# How to determine memory type for ryzen dram calculator?



## spectatorx (Nov 16, 2018)

At the moment i'm messing a bit and trying to overclock my ram, so far i was able to get it to 3166MHz at stock timings (16-18-18-18-38). Anything higher ends up with instability on various levels. This made me think i could use ryzen dram calculator but i do not know my memory type, all i know is its model and it is g.skill aegis F4-3000C16S-16GISB.

As a side question: do psu quality and age matter to ram overclocking?


----------



## Vya Domus (Nov 16, 2018)

This program will give every piece of information you need about your RAM : http://www.softnology.biz/

And no, PSU has no effect on overclocking. I mean, unless it's defective or provides insufficient power.


----------



## jboydgolfer (Nov 16, 2018)

Maybe cpuZ will provide what ram info u need? Or aida?


----------



## infrared (Nov 16, 2018)

Side answer- not really

You could try increasing the SoC voltage slightly to see if that helps with stability, increase a little at a time, you shouldn't need more than 1.125v to run that frequency. I assume you've already increased dram voltage? Pretty reasonable clocks so far though 

I did a quick search and found this on reddit.. looks like your modules are Hynix M-die, hopefully that helps the dram calculator suggest you some good timings.
G.Skill Aegis 3000 MHz CL16F4-3000C16D-16GISB 8Gb Hynix M-Die Single Single Jedec Info (there's a D instead of S in the part no.. I think those are the ones though)


----------



## spectatorx (Nov 16, 2018)

Thanks all for answers. CPU-Z unfortunately doesn't provide such info.

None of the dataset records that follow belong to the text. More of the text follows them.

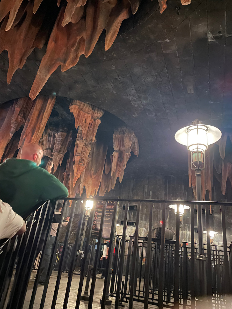The meal was fine and once filled with food and energy I went on the “Harry Potter and the Escape from Gringotts” ride. Initially, it was promising to be a single rider, however the hopes of a short wait time vanished and it was easily 30-45 minutes before it was my turn to join the ride.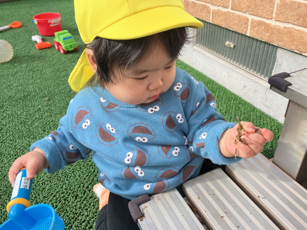 園庭で遊んだ時の様子です。園庭に落ちていた落ち葉に触れ、手で感触や音を楽しんだり、元気いっぱいかけっこをして、外遊びを楽しみました!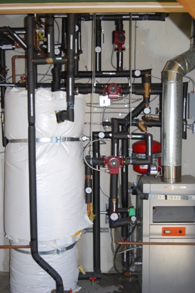 The mechanical room utilizes low tech, long lasting equipment with high tech controls. The boiler is a bullet proof Canadian made cast iron unit, the 80 gallon hot water tank is stainless steel.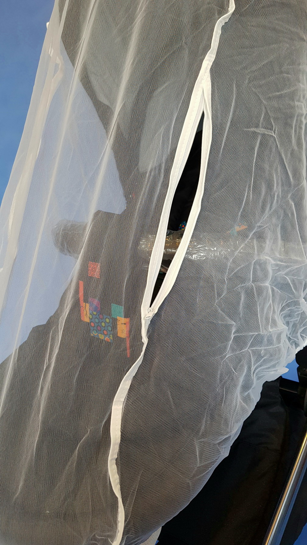 Moskitiera jest super i warta swojej ceny - bardzo gęsta a dodatkowy zamek umożliwia łatwy dostęp do wnętrza wózka i dziecka. Polecam!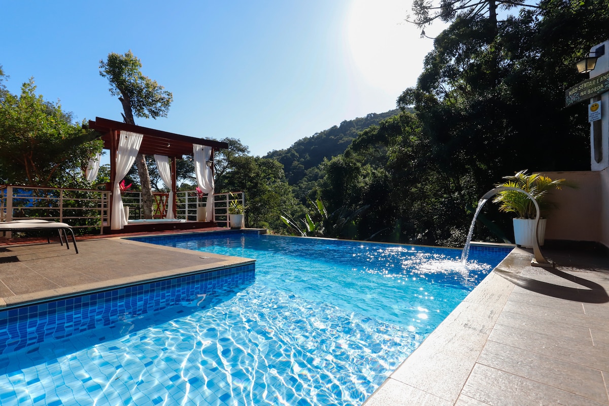 Avec une baignoire pour six personnes, la Casa da Ponte propose un contact direct avec la nature, avec des murs et des plafonds en verre pour que vous ayez le vert à l'intérieur de la maison avec beaucoup de sécurité et de confort. Réveillez-vous avec la rosée du matin et la lumière entrant par le mur de verre géant, en écoutant et en observant les animaux de la forêt atlantique comme si vous dormiez sous un arbre, mais dans un lit King avec une couette très chaude et la cheminée chauffant la chambre. Venez vivre cette sensation.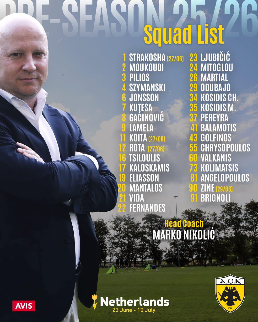 Ανακοινώθηκε η αποστολή της ΑΕΚ για την Ολλανδία. Η Ένωση αναχωρεί για την Ολλανδία τη Δευτέρα (23/6). Θα πραγματοποιήσει το βασικό στάδιο της προετοιμασίας της στο Burgh-Haamstede και στο προπονητικό κέντρο της FC de Westhoek και θα επιστρέψει στην Αθήνα στις 10 Ιουλίου.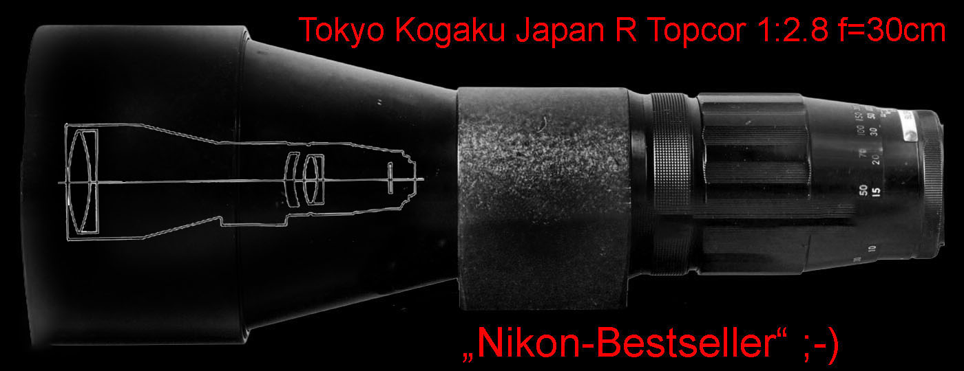 Nikon präsentierte sein erstes 2,8/300 mm 1971, Canon noch fünf Jahre später: 1976. Topcon bot bereits 1958 sein Tokyo Kogaku Japan R TOPCOR 1:2.8 f=30cm. Was angeblich zum „Nikon-Bestseller“ wurde ;-) Eine nicht bekannte Zahl von 30 cm Topcoren sollen vom Topcon/Exakta-Anschluss auf Nikon F-Bajonett umgebaut worden sein …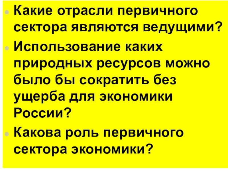 Какие отрасли первичного сектора являются ведущими?Использование каких природных ресурсов можно было бы сократить без ущерба для экономики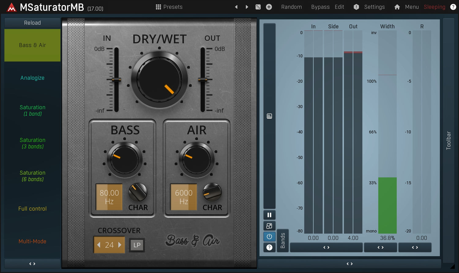 Saturation er en meget speciel type af glat distortion, kendt fra rør og bånd. Det kan tilføre noget harmonisk smag, forbedre bas- og sub-bassindhold og meget mere. MSaturatorMB er et ekstremt musikalsk og alsidigt saturation plugin, som også indeholder en digital harmonisk generator. MSaturatorMB kombinerer det bedste fra både den analoge og digitale verden.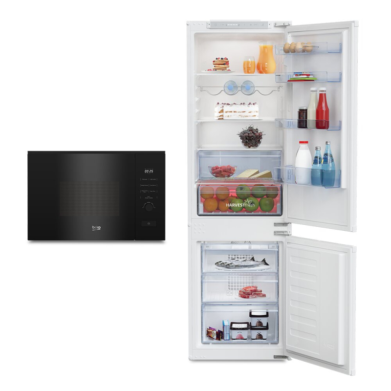 Akční set spotřebičů Beko - vestavná kombinovaná chladnička BCHA275E4SN + mikrovlnná trouba BMGB20212B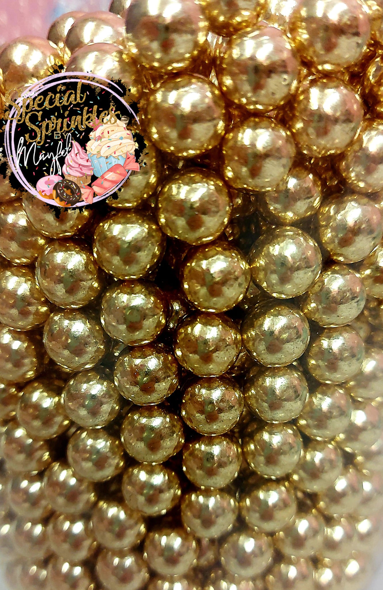 Estás perlas tienen un acabado metálico color oro, en tamaño grande de 10mm, son libres de gluten y GMO.

Thaiphoon burner is a software i see for the first time, gave it a try now and this is info attached in screenshot to this post. Now at least i am sure it is hynix but which one of these 3 (mfr, afr, cjr) available in calculator i can't figure out by myself.


I came with question about psu because i'm going to replace my current one with seasonic focus plus platinum soon and i was wondering if after this upgrade i could count on any improvement in ram oc and its stability.


----------



## sneekypeet (Nov 17, 2018)

Shows afr in the part number.


----------



## spectatorx (Nov 17, 2018)

Oh, sorry, i overlooked that. Anyway, thank you for reply.


----------



## sman979 (Apr 28, 2020)

I know this thread is old but wanted to mention for those that may be looking for the same answer. CPU-Z does give this info. Look under the SPD tab.


----------



## MrFuny (Jul 29, 2021)

spectatorx said:


> Thanks all for answers. CPU-Z unfortunately doesn't provide such info.
> 
> Thaiphoon burner is a software i see for the first time, gave it a try now and this is info attached in screenshot to this post. Now at least i am sure it is hynix but which one of these 3 (mfr, afr, cjr) available in calculator i can't figure out by myself.
> 
> ...


Dear spectatorx,

I use Thaiphoon burner, but can't detected die type, can you help me?


----------



## maxfly (Jul 29, 2021)

MrFuny said:


> Dear spectatorx,
> 
> I use Thaiphoon burner, but can't detected die type, can you help me?



Either hynix afr or cjr, ive never seen a part number broken down like that.


----------



## MrFuny (Jul 29, 2021)

maxfly said:


> Either hynix afr or cjr, ive never seen a part number broken down like that.


Thank you very much!


----------